- ASSIGNED TASK
Taking only the lines of the data below from the line with "Philips AVENT SCF281/05" to the line with "Intimate inner spaces", ends included, write them out exactly and without pictures.

- INPUT FOR THIS TASK
------------------------------------------------
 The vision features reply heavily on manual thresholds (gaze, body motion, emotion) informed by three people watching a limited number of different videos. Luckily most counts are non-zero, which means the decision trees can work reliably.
------------------------------------------------
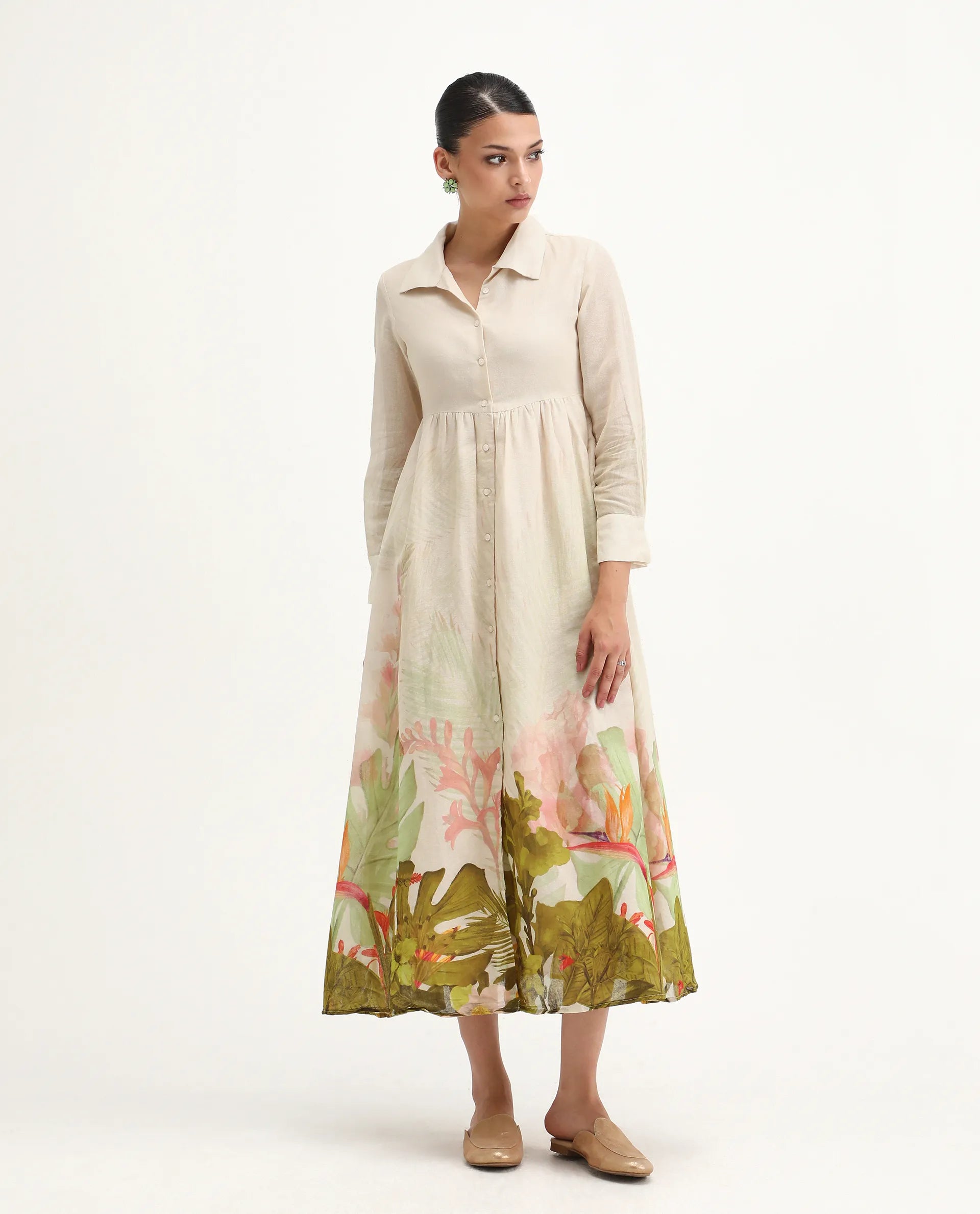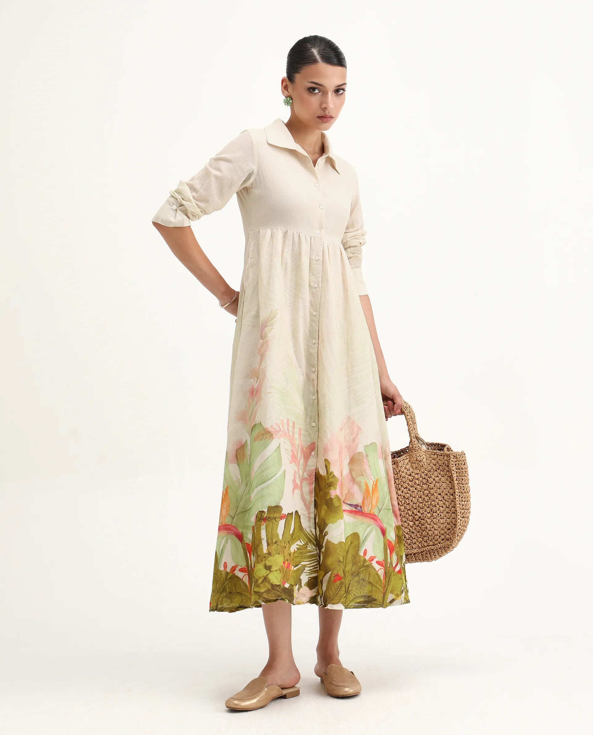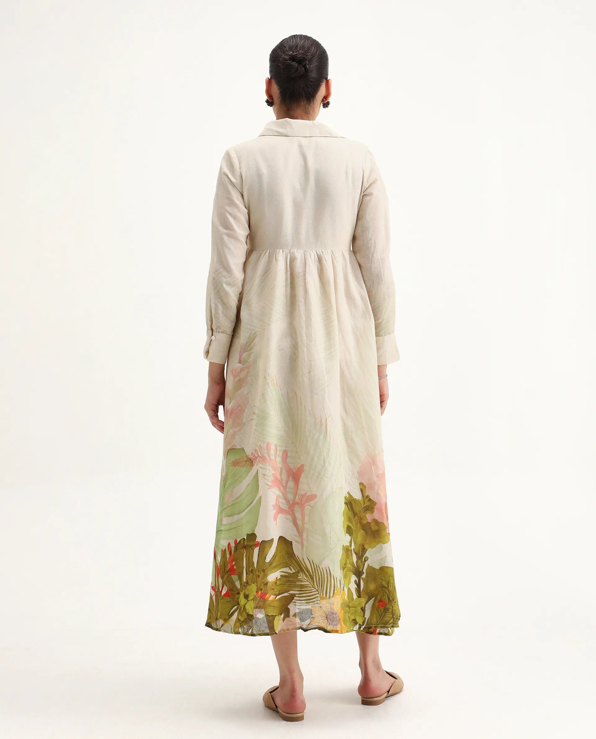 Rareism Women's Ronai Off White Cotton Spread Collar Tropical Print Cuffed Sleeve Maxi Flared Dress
------------------------------------------------
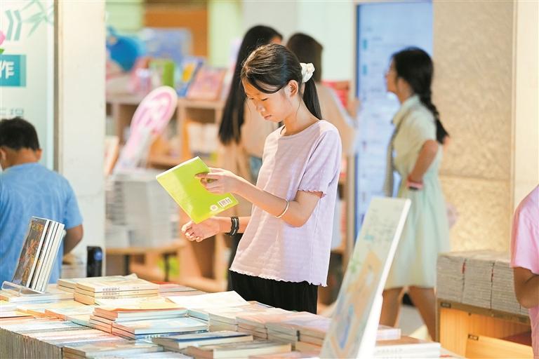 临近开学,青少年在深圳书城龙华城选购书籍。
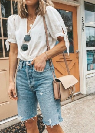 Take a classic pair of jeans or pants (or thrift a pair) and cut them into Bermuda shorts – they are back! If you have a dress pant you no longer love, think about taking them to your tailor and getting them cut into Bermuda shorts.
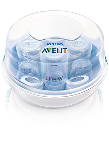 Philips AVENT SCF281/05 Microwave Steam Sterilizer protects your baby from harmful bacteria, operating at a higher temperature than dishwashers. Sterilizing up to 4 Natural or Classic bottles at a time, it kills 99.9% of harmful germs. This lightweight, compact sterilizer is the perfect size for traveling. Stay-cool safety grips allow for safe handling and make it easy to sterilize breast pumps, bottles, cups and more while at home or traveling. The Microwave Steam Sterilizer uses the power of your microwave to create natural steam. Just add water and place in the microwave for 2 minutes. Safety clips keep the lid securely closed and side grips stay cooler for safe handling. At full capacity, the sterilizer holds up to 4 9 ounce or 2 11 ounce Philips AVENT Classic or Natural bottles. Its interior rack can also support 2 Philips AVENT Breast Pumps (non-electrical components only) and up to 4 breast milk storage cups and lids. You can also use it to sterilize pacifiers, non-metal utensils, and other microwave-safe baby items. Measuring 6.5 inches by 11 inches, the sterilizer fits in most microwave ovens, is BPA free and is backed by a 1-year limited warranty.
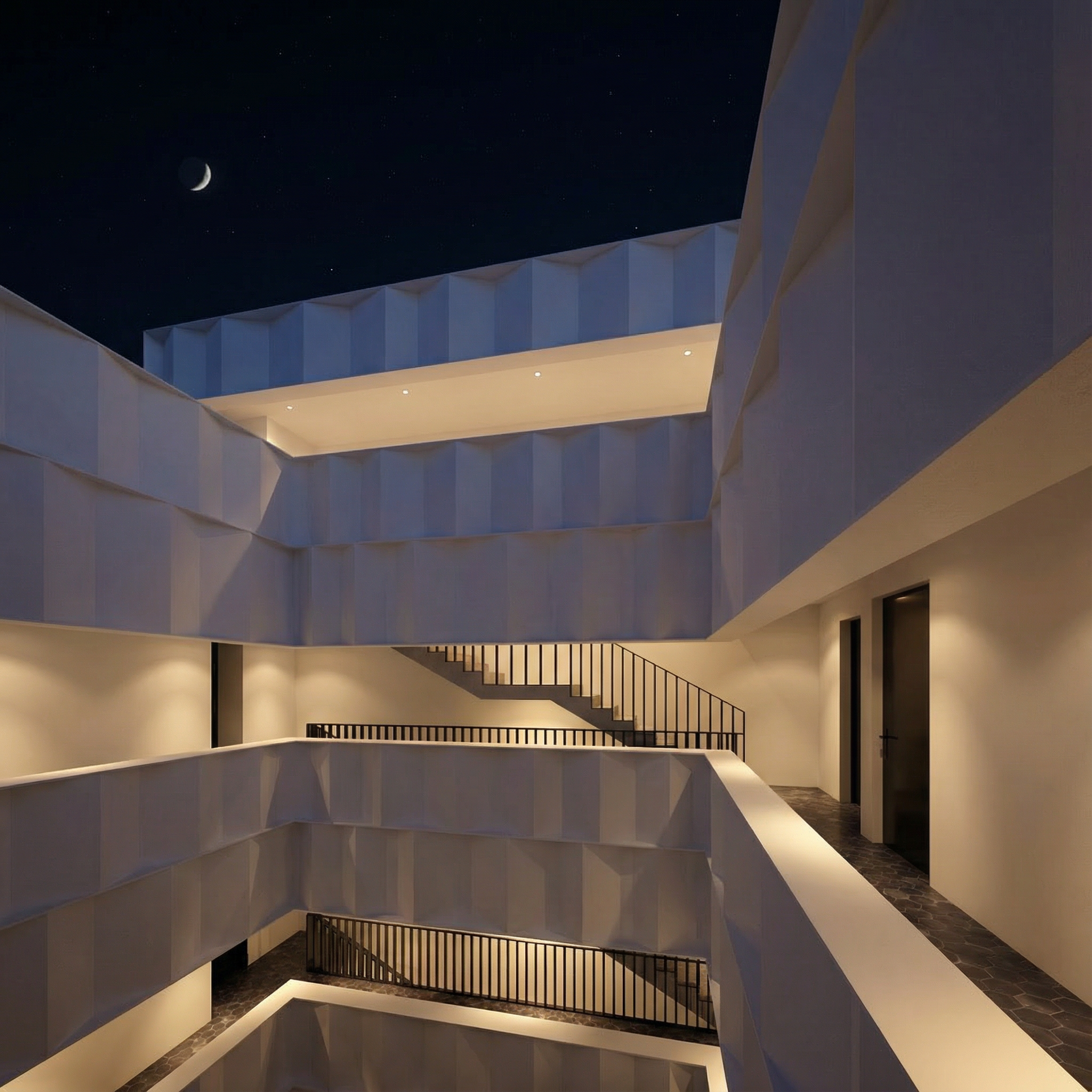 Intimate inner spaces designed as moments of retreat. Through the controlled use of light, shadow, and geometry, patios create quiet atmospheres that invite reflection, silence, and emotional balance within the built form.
------------------------------------------------
- ANSWER TO THIS TASK
 Philips AVENT SCF281/05 Microwave Steam Sterilizer protects your baby from harmful bacteria, operating at a higher temperature than dishwashers. Sterilizing up to 4 Natural or Classic bottles at a time, it kills 99.9% of harmful germs. This lightweight, compact sterilizer is the perfect size for traveling. Stay-cool safety grips allow for safe handling and make it easy to sterilize breast pumps, bottles, cups and more while at home or traveling. The Microwave Steam Sterilizer uses the power of your microwave to create natural steam. Just add water and place in the microwave for 2 minutes. Safety clips keep the lid securely closed and side grips stay cooler for safe handling. At full capacity, the sterilizer holds up to 4 9 ounce or 2 11 ounce Philips AVENT Classic or Natural bottles. Its interior rack can also support 2 Philips AVENT Breast Pumps (non-electrical components only) and up to 4 breast milk storage cups and lids. You can also use it to sterilize pacifiers, non-metal utensils, and other microwave-safe baby items. Measuring 6.5 inches by 11 inches, the sterilizer fits in most microwave ovens, is BPA free and is backed by a 1-year limited warranty.
 Intimate inner spaces designed as moments of retreat. Through the controlled use of light, shadow, and geometry, patios create quiet atmospheres that invite reflection, silence, and emotional balance within the built form.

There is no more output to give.